I am working with strings of non-latin characters. I want to match strings with reduplication patterns, such as AAB, ABB, ABAB, etc. I tried out the following code:

import re

patternAAB = re.compile(r'\b(\w)\1\w\b')
match = patternAAB.findall(rawtext)
print(match) 

However, it reurns only the first character of the matched string. I know this happens because of the capturing parenthesis around the first \w.
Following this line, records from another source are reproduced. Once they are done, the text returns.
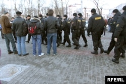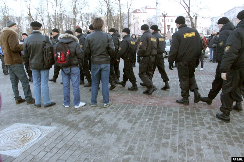 17:57 Падыходы да Кастрычніцкай плошчы ачэпленыя міліцыянтамі у цывільным. На падыходах яны затрымліваюць актывістаў. Перад 18-й гадзінай ля скрыжаваньня з вуліцай Леніна быў затрыманы Мікола Дземідзенка. Потым на плошчы затрымалі Алеся Чарнышова і актывіста Дзьмітрыя Кахаўца.
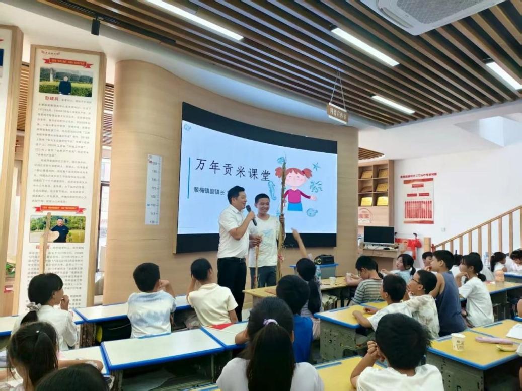 隨后,民俗專家曹建金帶來(lái)了“萬(wàn)年貢米課堂”,從歷史淵源、獨(dú)特品質(zhì)到產(chǎn)業(yè)振興,深入淺出地講述了萬(wàn)年貢米的文化價(jià)值。孩子們聽得津津有味,不僅增長(zhǎng)了知識(shí),更增強(qiáng)了對(duì)家鄉(xiāng)文化的認(rèn)同感。
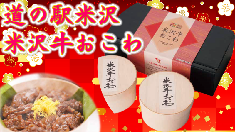 当道の駅オリジナル商品「米沢牛おこわ」は米沢牛を贅沢に使用し、
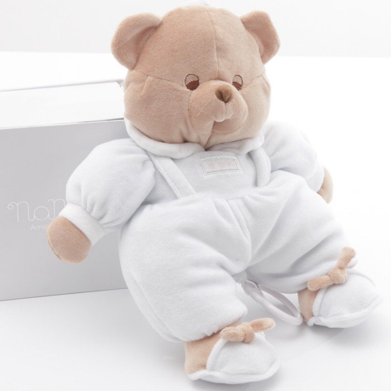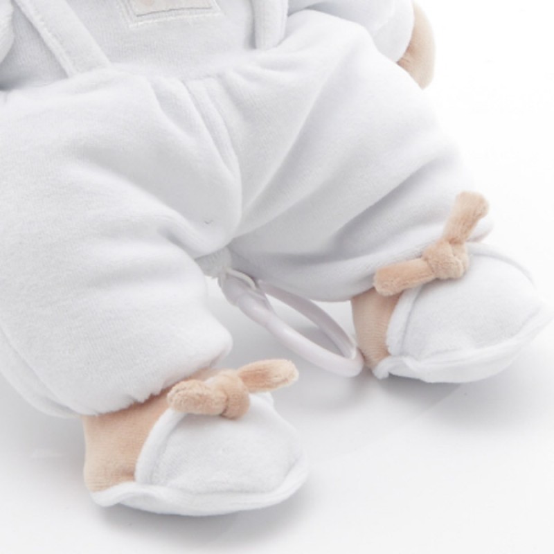 Il carillon della linea Puccio è un peluche di morbida ciniglia vestito in tessuto piquet.
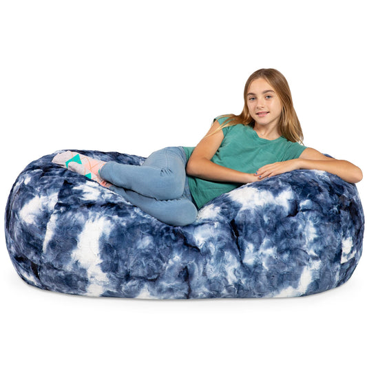 Jaxx Sofa Saxx Bean Bag Couch - 4 Foot - Faux Fur, Blue & White Print

I tried to add capturing parenthesis around the whole matched block, but Python gives

error: cannot refer to an open group at position 7

I also found this method,but didn't work for me:

patternAAB = re.compile(r'\b(\w)\1\w\b')
match = patternAAB.search(rawtext)
if match:
    print(match.group(1))

How could I match the pattern and return the whole matching string?

# Ex. 哈哈笑 
# string matches AAB pattern so my code returns 哈 
# but not the entire string
2

There are 2 answers

3
Alex Hall On BEST ANSWER

The message:

error: cannot refer to an open group at position 7

is telling you that \1 refers to the group with parentheses all around, because its opening parenthesis comes first. The group you want to backreference is number 2, so this code works:

import re

rawtext = 'abc 哈哈笑 def'

patternAAB = re.compile(r'\b((\w)\2\w)\b')
match = patternAAB.findall(rawtext)
print(match)

Each item in match has both groups:

[('哈哈笑', '哈')]
2
Alex Hall On

I also found this method, but didn't work for me:

You were close here as well. You can use match.group(0) to get the full match, not just a group in parentheses. So this code works:

import re

rawtext = 'abc 哈哈笑 def'

patternAAB = re.compile(r'\b(\w)\1\w\b')
match = patternAAB.search(rawtext)
if match:
    print(match.group(0))   # 哈哈笑